* [EXERCISE PROMPT] The data below contains pictures, which are to be skipped; the lines starting at the line with "The sun is a" and ending at the line with "Both envelopes have" are to be output exactly, both ends included.

(ENTRIES PROVIDED begins)

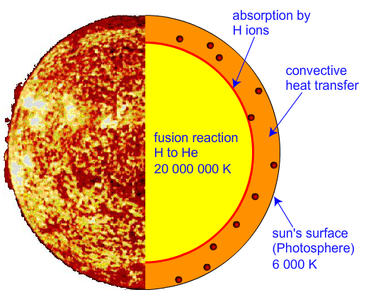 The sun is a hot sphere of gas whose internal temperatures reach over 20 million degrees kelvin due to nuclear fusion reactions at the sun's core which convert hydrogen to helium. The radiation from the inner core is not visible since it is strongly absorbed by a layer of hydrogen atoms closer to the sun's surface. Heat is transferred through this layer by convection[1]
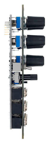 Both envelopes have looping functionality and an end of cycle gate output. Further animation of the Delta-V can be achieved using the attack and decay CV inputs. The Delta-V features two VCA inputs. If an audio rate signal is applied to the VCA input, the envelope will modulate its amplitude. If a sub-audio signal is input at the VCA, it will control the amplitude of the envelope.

(ENTRIES PROVIDED ends)
(ENTRIES PROVIDED begins)

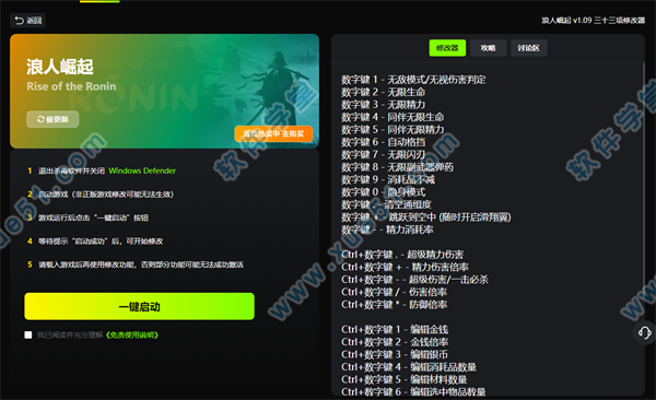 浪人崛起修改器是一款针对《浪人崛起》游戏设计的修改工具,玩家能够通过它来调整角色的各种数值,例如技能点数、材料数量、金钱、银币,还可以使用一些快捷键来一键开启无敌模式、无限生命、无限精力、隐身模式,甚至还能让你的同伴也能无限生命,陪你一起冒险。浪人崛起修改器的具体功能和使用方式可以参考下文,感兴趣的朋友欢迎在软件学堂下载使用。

(ENTRIES PROVIDED ends)

* [FINAL ANSWER]
 The sun is a hot sphere of gas whose internal temperatures reach over 20 million degrees kelvin due to nuclear fusion reactions at the sun's core which convert hydrogen to helium. The radiation from the inner core is not visible since it is strongly absorbed by a layer of hydrogen atoms closer to the sun's surface. Heat is transferred through this layer by convection[1]
 Both envelopes have looping functionality and an end of cycle gate output. Further animation of the Delta-V can be achieved using the attack and decay CV inputs. The Delta-V features two VCA inputs. If an audio rate signal is applied to the VCA input, the envelope will modulate its amplitude. If a sub-audio signal is input at the VCA, it will control the amplitude of the envelope.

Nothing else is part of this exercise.